The new phase 1b/2 clinical trial advances this work. The trial is co-led by Robert Schooley, MD, professor of medicine and an infectious disease expert at UC San Diego School of Medicine who is co-director of IPATH and helped lead the clinical team that treated and cured Patterson in 2016.

It will consist of three elements, all intended to assess the safety and microbiological activity of a single dose of intravenous phage therapy in males and non-pregnant females 18 years and older, all residing in the United States.

The dose is a cocktail of four phages that target P. aeruginosa, a bacterial species commonly found in the environment (soil and water) that can cause infections in the blood, lungs and other parts of the body after surgery.

For persons with CF, P. aeruginosa is a familiar and sometimes fatal foe. The Cystic Fibrosis Foundation estimates that roughly half of all people with CF are infected by Pseudomonas. Previous studies have indicated that chronic P. aeruginosa lung infections negatively impact life expectancy of CF patients, who currently live, on average, to approximately 44 years.

In the first stage of the trial, two “sentinel subjects” will receive one of three dosing strengths of the IV bacteriophage therapy. If, after 96 hours and no adverse effects, the second stage (2a) will enroll 32 participants into one of four arms: the three doses and a placebo.

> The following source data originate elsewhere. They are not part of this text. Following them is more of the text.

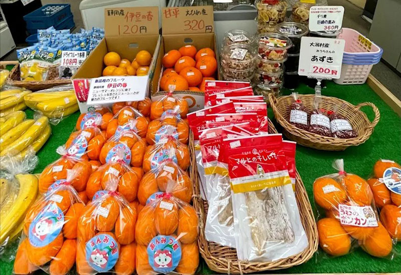 02.売店にはお土産、雑貨、酒、新鮮な野菜や果物が並ぶ
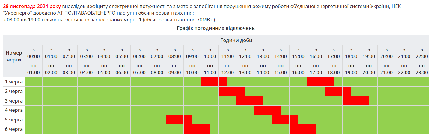 Час та обсяг обмежень протягом доби можуть змінюватися. Актуальні графіки відключень для Полтавщини оприлюднило Полтаваобленерго:
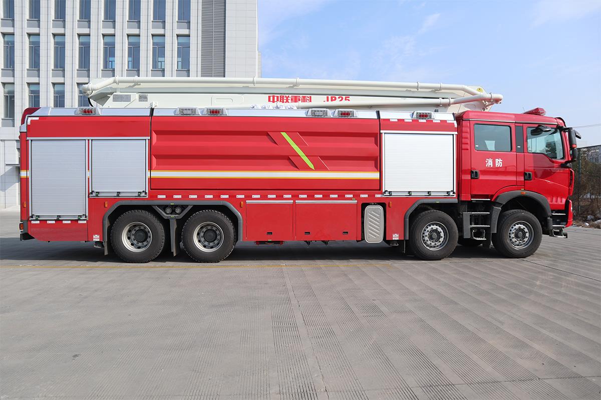 中联重科JP25型举高喷射消防车,结合国内外消防车的先进理念和消防实战创新设计而成,具备强大的灭火功能,整车性能优越,快速高效,操作性、安全性及智能化控制水平处于国内先进水平。

After multiple follow-up visits over 30 days and an analysis of which dosing strength exhibited the most favorable safety and microbiologic activity, i.e. most effective at reducing P. aeruginosa, stage 2b will recruit up to 72 participants to either receive that IV dose or a placebo.

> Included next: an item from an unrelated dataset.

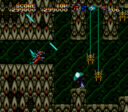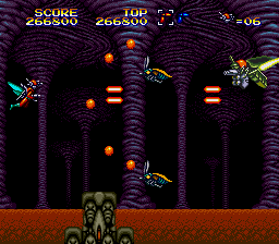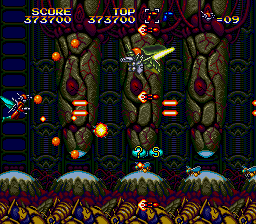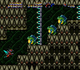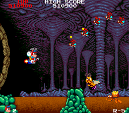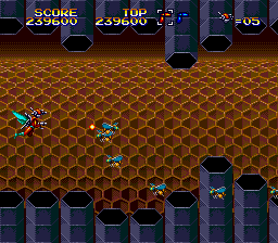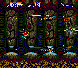 Ah, so here's the proper start to the level, and this is where the Mega Drive version of this level begins. I suppose it's fitting that the majority of the enemies in this segment are Bees, or at least resemble them vaguely (Mega Drive, I'm lookin' at you) as we are, very clearly, in a beehive. Funnily enough, I don't remember the Laser Bee Death Squad appearing in this little segment, as they're later in the level... There's also an 'open air' segment in the hive, similar to the place in Stage 2 where the strange looking insects rise up to try and ram you. There's little to say, though, as this bit is over pretty quickly, to make way...

Enrollment will occur at 16 cystic fibrosis clinical research sites in the United States, including UC San Diego. It is randomized, double-blind and placebo-controlled. The trial is being conducted through the Antibacterial Resistance Leadership Group and funded by the National Institute of Allergy and Infectious Diseases, part of the National Institutes of Health, with additional support for the UC San Diego trial site from the Mallory Smith Legacy Fund.

Mallory Smith was born with cystic fibrosis and died in 2017 at the age of 25 from a multidrug-resistant bacterial infection following a double lung transplant.

Mallory’s death was a preventable tragedy. We are supporting the IPATH trial through Mallory’s Legacy Fund because Mark and I deeply believe in the promise of phage therapy to save lives by combatting multidrug-resistant bacteria.”

Diane Shader Smith, Mother

In an article published in 2020 in Nature Microbiology, Schooley and Steffanie Strathdee, PhD, associate dean of global health sciences and Harold Simon Professor in the Department of Medicine and IPATH co-director, describe phages as “living antibiotics.”

As such, said Schooley, researchers need to learn how to best use them to benefit patients through the same systematic clinical trials employed to evaluate traditional antibiotics.

The primary objectives of the new trial are first to determine the safety of a single IV phage dose in clinically stable patients with CF who are also infected with P. aeruginosa, said Schooley.

“Second, it’s to describe the microbiological activity of a single IV dose and third, to assess the benefit-to-risk profile for CF patients with P. aeruginosa infections. This is one study, with a distinct patient cohort and carefully prescribed goals. It’s a step, but an important one that can, if ultimately proven successful, help address the growing, global problem of antimicrobial resistance and measurably improve patients’ lives.”

Estimated study completion date is early 2025.